AIが旅行の計画から予約までをサポートするツール「Operator」とは

オープンAIが2025年1月に発表したAI搭載ツール「Operator」が観光産業に新たな検索とマーケティング手法の可能性を投げかけています。宿泊、食事、移動など旅行に関するさまざまなサービスを、AIを活用して検索から予約または購入までをサポートするツールです。
Tripadvisor、Hipcamp、Priceline、Booking.comといった大手旅行各社が「Operator」を支援しています。ライドシェア大手のUberもそこに名を連ねています。いずれも伝統的な店舗型ビジネスではなく、オンラインでのサービスに特化していることが共通点と言えるでしょう。

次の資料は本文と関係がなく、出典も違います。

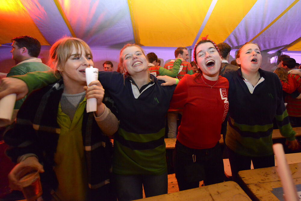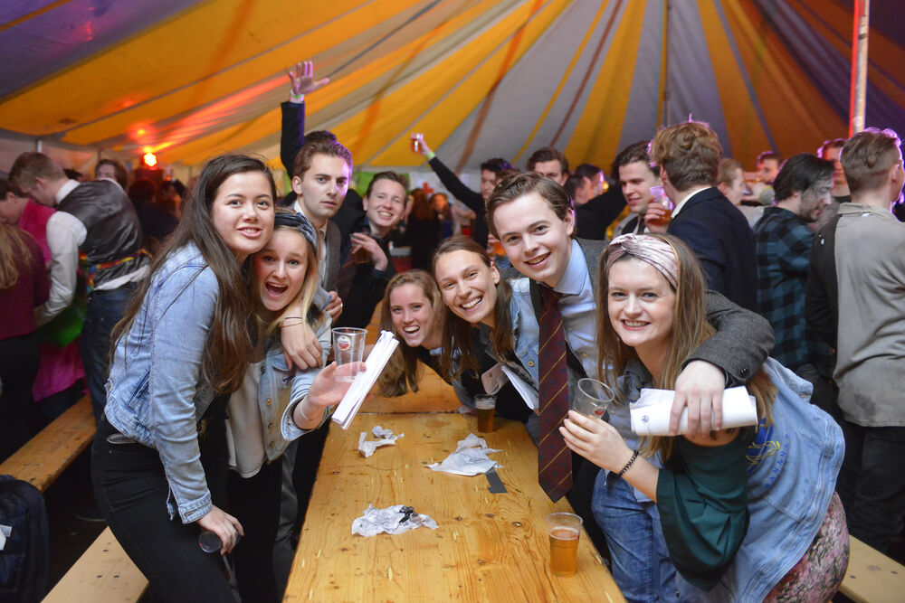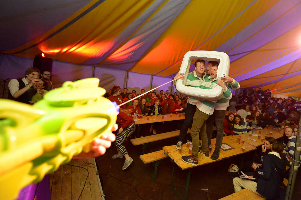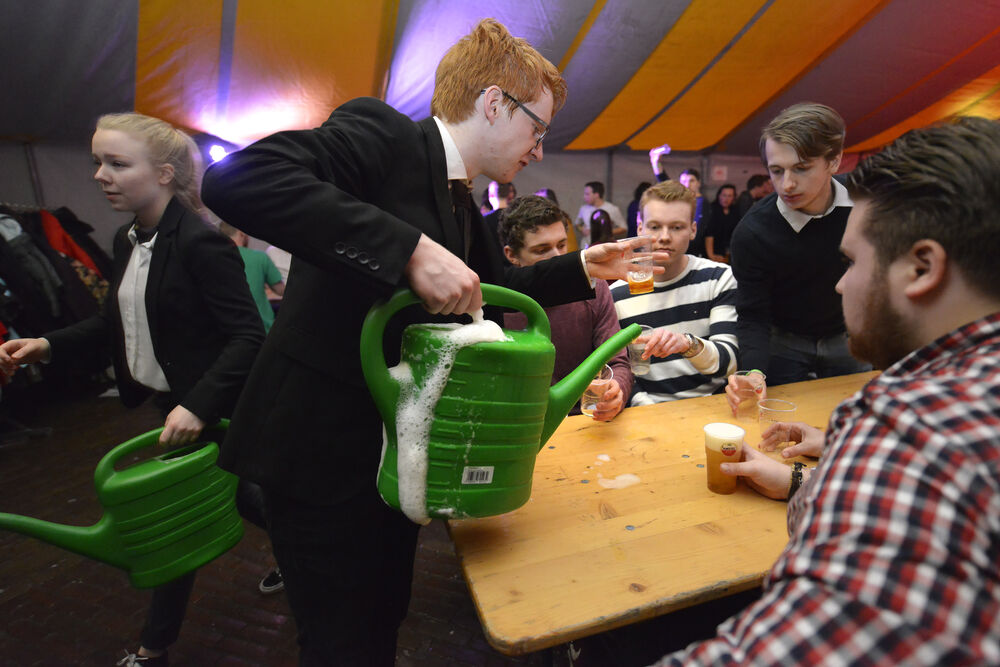 Het inkoopbeleid van de studentengezelligheidsvereniging voor het jaarlijkse zangfestijn was strak, bleek vrijdag aan het einde van het evenement toen de drankbalans werd opgemaakt. “Op één fust na is al het bier erdoorheen gegaan”, vertelt SSRE-bestuurder Daan Hommersom, die ondanks zijn krappe drie uur slaap verrassend fris klinkt als Cursor hem zaterdagochtend spreekt. Een krappe tweeduizend liter - gedistribueerd in groene gieters - tikten de aanwezigen in drie uur tijd weg. “Ik denk dat er op dit moment nog wel wat mensen in bed liggen.”

たとえばPricelineはすでに自社の生成型AIチャットボット「Penny」の機能を大幅に強化しています。航空チケット、レンタカー、ホテル、そしてパッケージツアーなど、すべてのサービスにおいて、ユーザーがAIと直接やり取りをすることで、個人の好みや予算に応じた旅行計画を立て、また予約プロセスを簡略化できるものです。

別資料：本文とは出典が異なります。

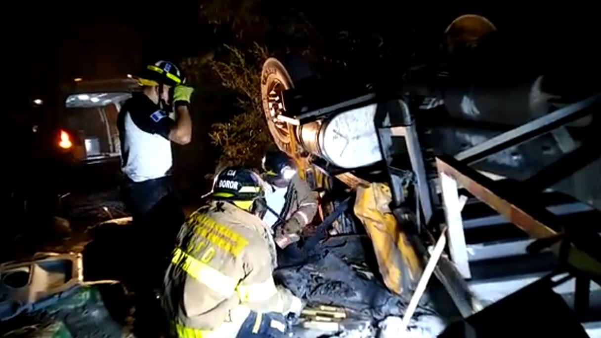 El camión volcó en el kilómetro 59 de la ruta a la aldea Granados y el chofer quedó atrapado. Este accidente fue reportado por automovilistas y motoristas que circulaban por la aldea La Estancia Grande.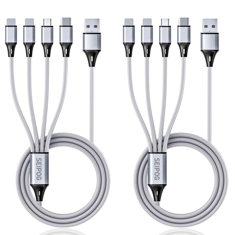 Multi Charging Cable, USB Cable 3A 4FT Nylon Braided Universal 4in1 Charger Adapter Type-C/Micro Port, Compatible with Cell Phones and More (Silver, 2Pack)

オープンAIがYoutube上で公開している「Operator」のデモンストレーション動画 では、ユーザーが自身の好み(返金可能、無料朝食付きなど)をあらかじめ登録しておき、「10月にニューヨークへ行くから、ホテルを探して。ベッドのサイズはどれでもいいから」とリクエストする様子が紹介されています。「Operator」はユーザー情報に応じたホテルを選択し、ユーザーに表示します。ユーザーはさらにそこから「Operator」に予約を依頼することもできるということです。

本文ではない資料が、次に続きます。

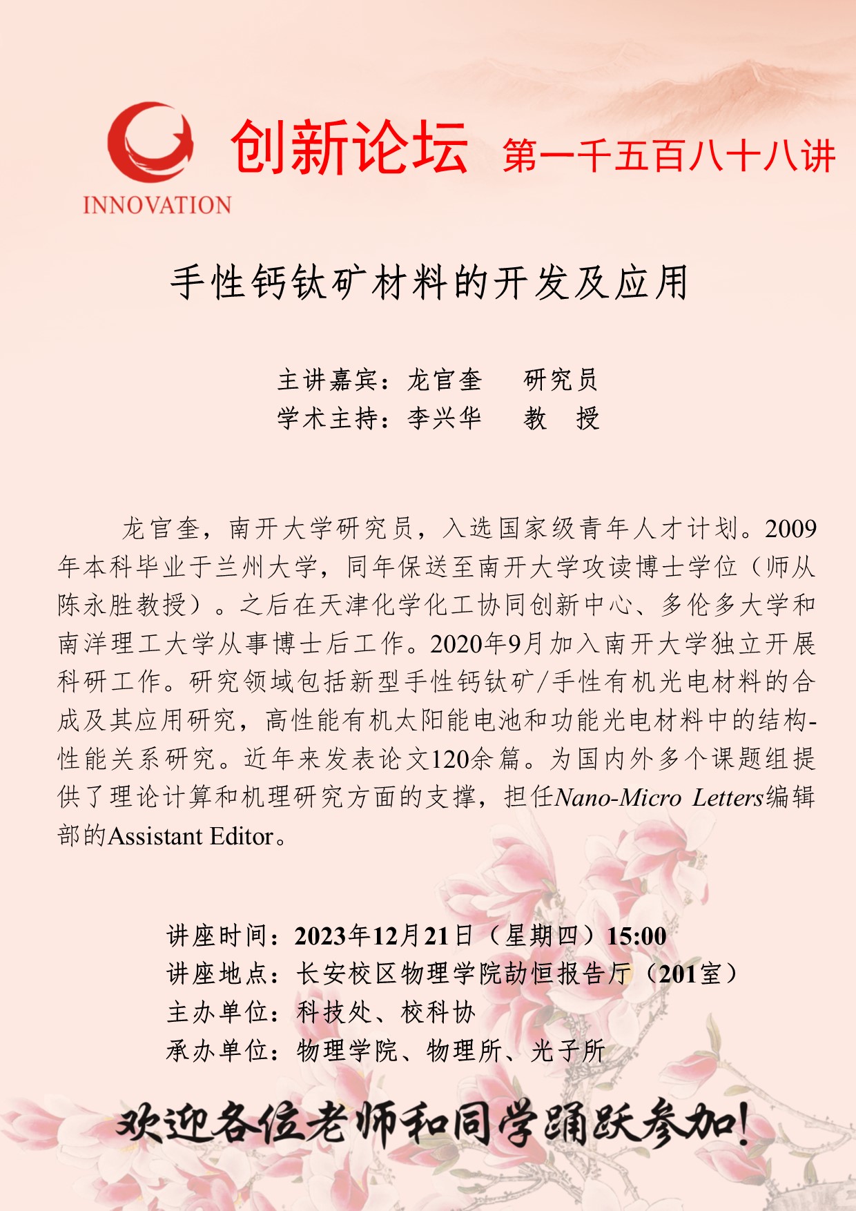 龙官奎 研究员 星空app官网创新论坛第一千五百八十八讲:手性钙钛矿材料的开发及应用 讲座时间 2023年12月21日(星期四)15:00 讲座地点 长安校区物理学院劼恒报告厅(201室) 讲座人介绍 龙官奎 研究员 讲座内容

「Operator」が従来のオンライン予約と決定的に異なる点は、ユーザーの情報もリクエスト内容もウェブサイト上にあらかじめ用意された質問に答える形ではなく、まるで会話をするように自由に入力できることです。生成AIはそうしたやり取りを学習し、使えば使うほどユーザーに適した選択肢を提供できるようになります。
「Operator」は研究段階にあり、現在のところは限られたユーザーしか利用できません。一般の利用が可能になれば、旅行の計画から予約に到るまでのプロセスにAIが活用されることで、ユーザーはより一層の個別化と効率化されたサービスを期待できます。
AIはすでに社会のさまざまな分野で革新をもたらしています。観光産業もその例外ではありえないようです。「Operator」が注目される背景には、AIをサービス向上に活用していこうとする観光産業のトレンドと密接な関連があります。ユーザーは検索にかける時間を大幅に短縮できるメリットがあり、サービスを提供する側がビジネス上の競争力を得るためには、SEO(検索エンジンでウェブサイトが上位に表示されるようにするための対策)を中心とした従来のオンラインマーケティング手法からの根本的な転換が迫られるでしょう。